(Dataset entries)
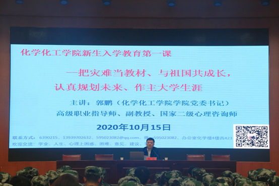 郭鹏宣讲学习贯彻《习近平总书记在全国抗击新冠肺炎疫情表彰大会上讲话》精神,以“弘扬伟大抗疫精神,做好人生规划,做主老员工涯”为主题,为2020级新生开讲了“新生入学教育第一课”。他强调,2020年是不平凡的一年,年初发生了突如其来的新冠肺炎疫情,病毒突袭而至,疫情来势汹汹,是百年来全球发生的最严重的传染病大流行,是新中国成立以来我国遭遇的传播速度最快、感染范围最广、防控难度最大的重大突发公共卫生事件。在党中央坚强领导下,迅速果断地采取严格措施,很好地控制住了疫情,党团结带领全国各族人民,进行了一场惊心动魄的抗疫大战,经受了一场艰苦卓绝的历史大考,付出巨大努力,取得抗击新冠肺炎疫情斗争重大战略成果,创造了人类同疾病斗争史上又一英勇壮举。回眸此次疫情大考,抗疫斗争伟大实践再次证明:中国共产党所具有的无比坚强的领导力,是风雨来袭时中国人民最可靠的主心骨;中国人民所具有的不屈不挠的意志力,是战胜前进道路上一切艰难险阻的力量源泉;中国特色社会主义制度所具有的显著优势,是抵御风险挑战、提高国家治理效能的根本保证;新中国成立以来所积累的坚实国力,是从容应对惊涛骇浪的深厚底气;社会主义核心价值观、中华优秀传统文化所具有的强大精神动力,是凝聚人心、汇聚民力的强大力量;构建人类命运共同体所具有的广泛感召力,是应对人类共同挑战、建设更加繁荣美好世界的人间正道。我国国家治理体系和治理能力再次显现出强大生命力。抗疫斗争中产生的“生命至上、举国同心、舍生忘死、尊重科学、命运与共”伟大抗疫精神,正成为推动国家治理现代化的强大精神力量。疫情防控人民战争、总体战、阻击战的重大战略成果,已时刻教育大家,对青年老员工的学业起航、人生发展具有十分重要的指导意义,希望大家要准确解读、自觉弘扬。要积极参与“把灾难作教材,与祖国共成长”主题教育系列活动,把新生入学教育中的理想信念教育、专业思想教育、学业指导教育、职业规划教育、人生导航教育、爱国主义教育、心理健康教育、安全意识形态等专题教育贯通起来,把握方向,打牢基础,扣好人生“第一粒扣子”,争做“有信念、有纪律、有品行、有作为”新时代“四有”好青年。
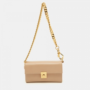 Giuseppe Zanotti Beige Leather Chain Wristlet Clutch
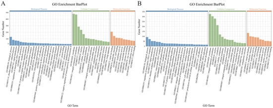 The DEGs from the T24-4d vs. T32-4d and T24-13d vs. T32-13d groups were annotated into three main categories: biological processes, cellular components, and molecular functions (Tables S4 and S5). Within the biological process category, most DEGs were involved in oxidation–reduction processes, signal transduction, and metabolic processes (Figure 3A,B). For cellular components, the majority of DEGs were associated with cell membranes, cellular parts, and organelles (Figure 3A,B). Regarding molecular function, most DEGs in both groups were related to binding and catalytic activity (Figure 3A,B).
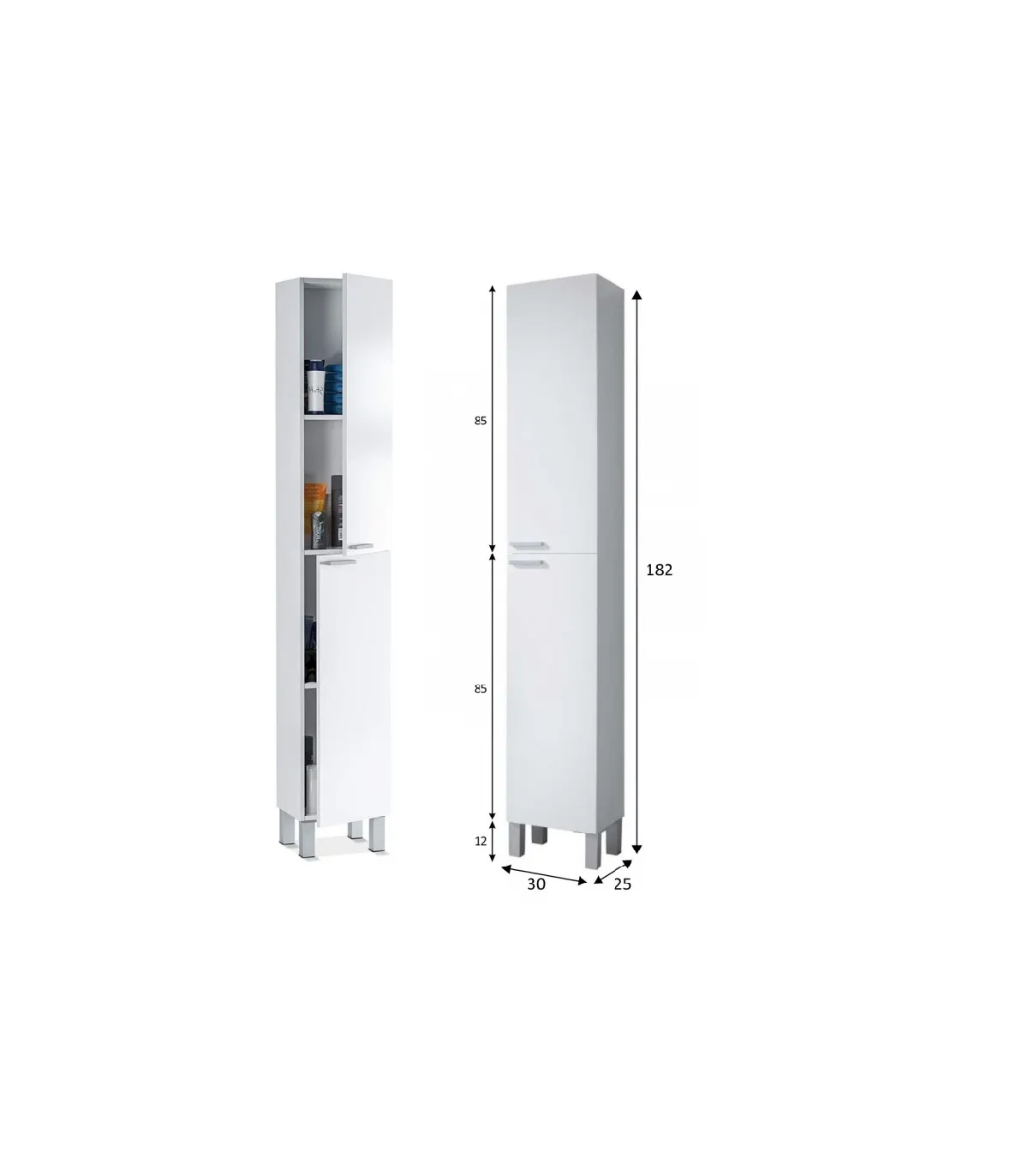 Colonne de salle de bains haute Kris avec 2 portes en finition blanc brillant 182 cm(hauteur)30 cm(largeur)25 cm(longueur)
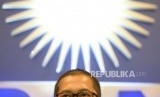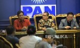 Sekretaris Fraksi PAN Yandri Susanto memberikan paparan saat konferensi pers perkembangan terkini di Kompleks Parlemen Senayan, Jakarta, Senin (22/1). (FOTO : Republika/ Wihdan)
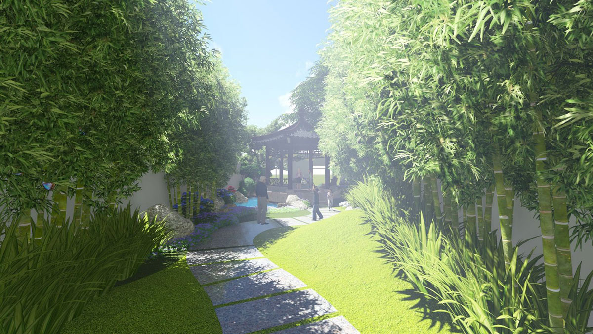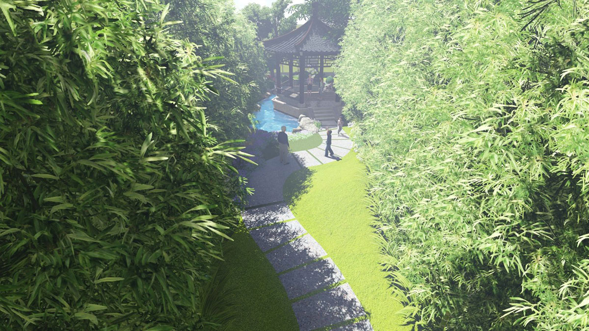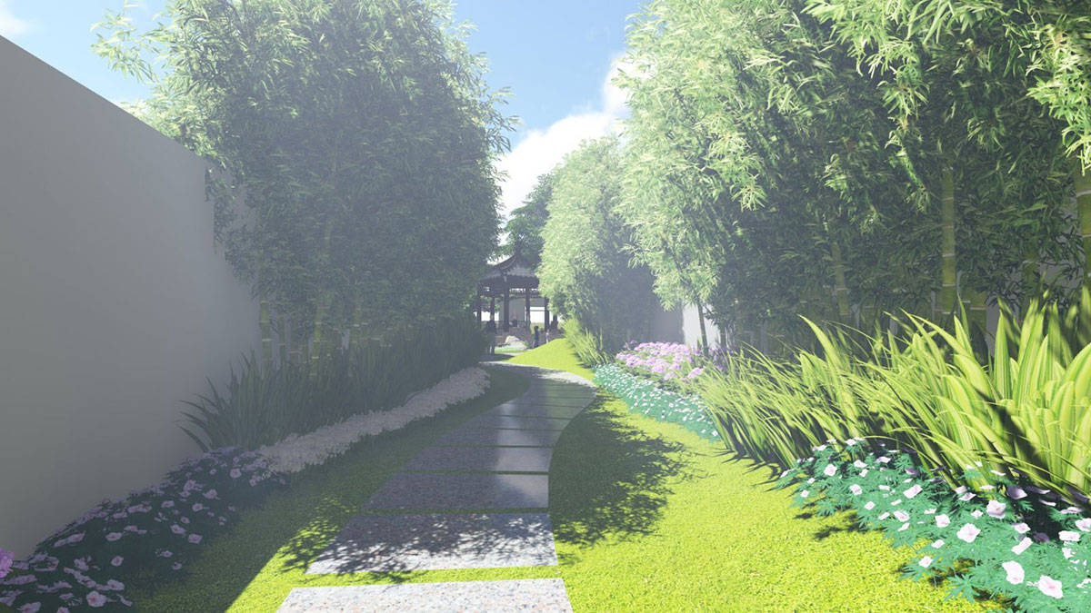 Mặt bằng rộng nhưng kéo dài đòi hỏi các kiến trúc sư sáng tạo để cảnh quan hai bên lối đi liên kết hài hòa mà không đơn điệu. Đá bước dặm uốn lượn giữa hai hàng tre – biểu tượng sân vườn Trung Hoa trở nên mềm mại hơn khi kết hợp cây bụi và cụm hoa rực rỡ. Cách bố trí tre theo nhịp “nhấn – thả” giúp không gian bớt ngộp, tạo thay đổi thị giác thú vị.
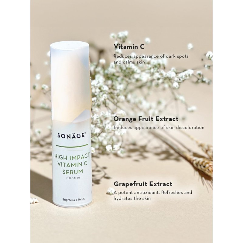 Sonage High Impact Vitamin C Serum: With Hyaluronic Acid | Brightens, Hydrates, Fades Dark Spots and Corrects Skin Tone

Exercise details. Would you retype the lines from the line containing "Giuseppe Zanotti Beige" to the final line of the entries above, exactly as given and without pictures?

Output.
 Giuseppe Zanotti Beige Leather Chain Wristlet Clutch
 The DEGs from the T24-4d vs. T32-4d and T24-13d vs. T32-13d groups were annotated into three main categories: biological processes, cellular components, and molecular functions (Tables S4 and S5). Within the biological process category, most DEGs were involved in oxidation–reduction processes, signal transduction, and metabolic processes (Figure 3A,B). For cellular components, the majority of DEGs were associated with cell membranes, cellular parts, and organelles (Figure 3A,B). Regarding molecular function, most DEGs in both groups were related to binding and catalytic activity (Figure 3A,B).
 Colonne de salle de bains haute Kris avec 2 portes en finition blanc brillant 182 cm(hauteur)30 cm(largeur)25 cm(longueur)
 Sekretaris Fraksi PAN Yandri Susanto memberikan paparan saat konferensi pers perkembangan terkini di Kompleks Parlemen Senayan, Jakarta, Senin (22/1). (FOTO : Republika/ Wihdan)
 Mặt bằng rộng nhưng kéo dài đòi hỏi các kiến trúc sư sáng tạo để cảnh quan hai bên lối đi liên kết hài hòa mà không đơn điệu. Đá bước dặm uốn lượn giữa hai hàng tre – biểu tượng sân vườn Trung Hoa trở nên mềm mại hơn khi kết hợp cây bụi và cụm hoa rực rỡ. Cách bố trí tre theo nhịp “nhấn – thả” giúp không gian bớt ngộp, tạo thay đổi thị giác thú vị.
 Sonage High Impact Vitamin C Serum: With Hyaluronic Acid | Brightens, Hydrates, Fades Dark Spots and Corrects Skin Tone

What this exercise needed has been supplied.